* [PROBLEM DESCRIPTION]:
Look below for the line containing "sepecification certificate |" and the line containing "撬出后的,用螺丝刀将出风口内的两颗螺丝拧出(左右出风口各有一颗)", then set down both and every line between them exactly, without pictures.
**********
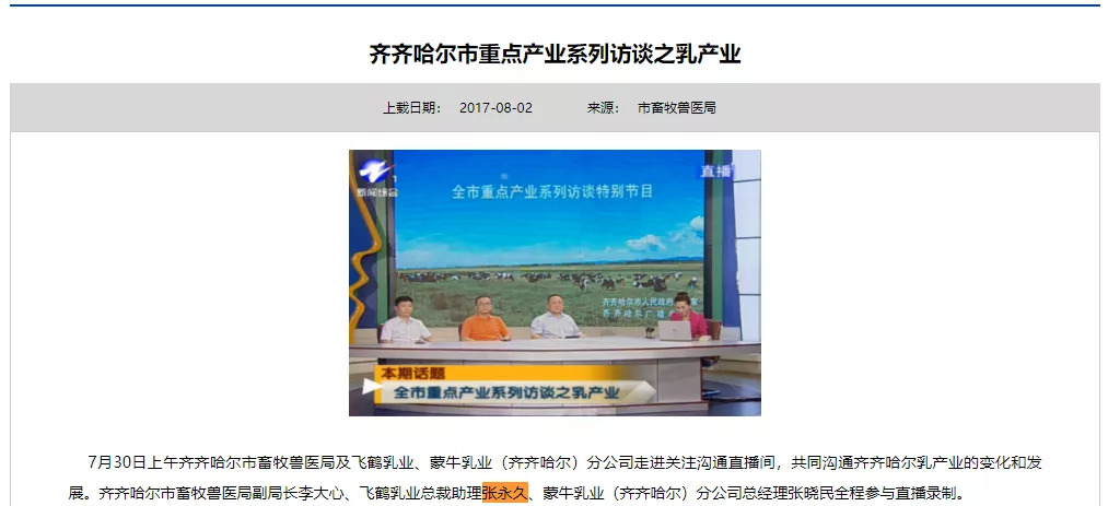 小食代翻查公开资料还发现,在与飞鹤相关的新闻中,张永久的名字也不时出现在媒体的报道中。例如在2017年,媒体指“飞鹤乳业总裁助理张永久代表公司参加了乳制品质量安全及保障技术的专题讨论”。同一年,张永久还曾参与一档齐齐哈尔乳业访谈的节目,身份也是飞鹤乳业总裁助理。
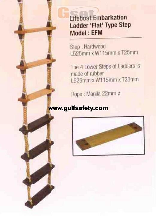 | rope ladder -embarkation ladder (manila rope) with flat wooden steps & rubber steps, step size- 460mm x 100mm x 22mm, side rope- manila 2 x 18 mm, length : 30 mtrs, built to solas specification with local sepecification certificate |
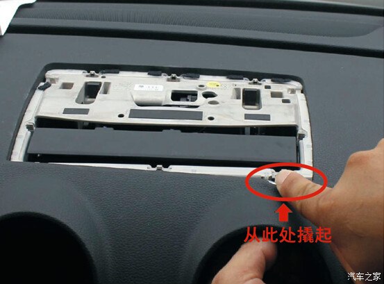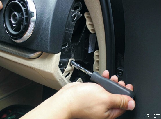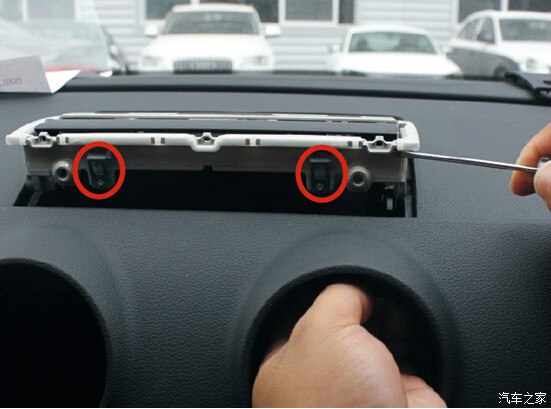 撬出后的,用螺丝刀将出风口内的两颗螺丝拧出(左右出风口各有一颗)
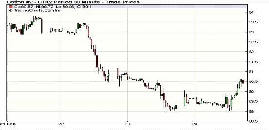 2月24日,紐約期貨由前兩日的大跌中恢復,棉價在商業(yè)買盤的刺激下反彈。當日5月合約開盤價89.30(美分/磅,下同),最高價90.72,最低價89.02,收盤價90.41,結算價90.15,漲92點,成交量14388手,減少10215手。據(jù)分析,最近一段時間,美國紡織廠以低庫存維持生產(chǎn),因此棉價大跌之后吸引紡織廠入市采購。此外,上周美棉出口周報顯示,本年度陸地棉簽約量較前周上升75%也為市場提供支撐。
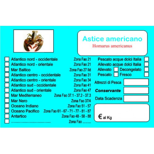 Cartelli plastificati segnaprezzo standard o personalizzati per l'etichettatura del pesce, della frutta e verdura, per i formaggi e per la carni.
**********
* [EXERCISE RESULT]:
 | rope ladder -embarkation ladder (manila rope) with flat wooden steps & rubber steps, step size- 460mm x 100mm x 22mm, side rope- manila 2 x 18 mm, length : 30 mtrs, built to solas specification with local sepecification certificate |
 撬出后的,用螺丝刀将出风口内的两颗螺丝拧出(左右出风口各有一颗)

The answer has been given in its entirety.